Why Africa –and Zimbabwe- should go cashless

India has lately been pursuing an ambitious goal: a cashless economy.

Despite early missteps and frustrations, it will turn out to be a change for the better for the country’s 1.31 billion people.

Africa should set a similar goal – and take the first step by establishing a monetary union.

Of course, achieving a cashless society is not an end in itself.

Rather, it is a means to help advance financial inclusion, security, and prosperity.

Today, an estimated 326 million Africans – 80% of the continent’s adult population – use no formal or informal financial services.

But stashing banknotes under the mattress is no way to safeguard families’ savings, much less enable households to accumulate enough capital to escape chronic poverty.

Similarly, millions of Africans are scratching out a living in the informal economy, which represents about 41% of GDP in most parts of the continent.

This leaves them unprotected, and without pathways to financial stability and wealth creation.

Moving toward a cashless society would force citizens, companies, and policymakers to devise mechanisms to bring all Africans into the financial sector, drastically improving the lives of the millions who are now under- and unbanked.
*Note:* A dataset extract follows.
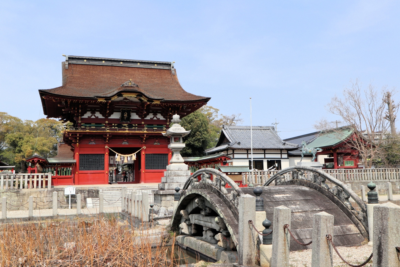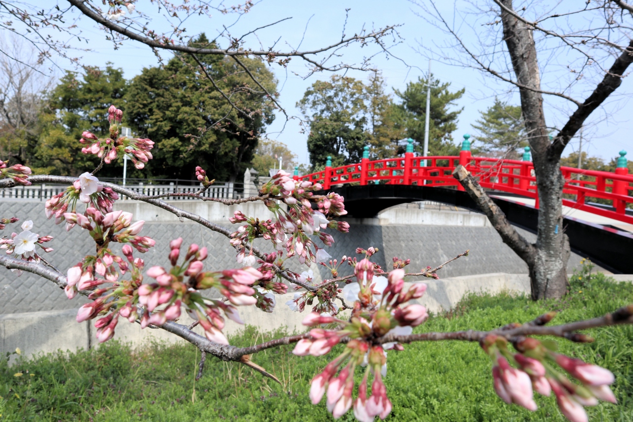 神社の前には伊賀川が流れていて、桜並木があり、桜の季節に行くと、朱塗りの橋との景色が美しそうです。

And it would bring many livelihoods into the formal economy – a major economic opportunity for African countries.

The goal should be to achieve prosperity through financial inclusion linked to economic activity.

What small businesses and micro-enterprises need is fresh capital to create employment and expand the economic pie, and bank accounts connected to economic activity ensure that even those selling goods by the roadside can secure a piece of that pie.

But financial inclusion is not a natural by-product of the shift away from cash.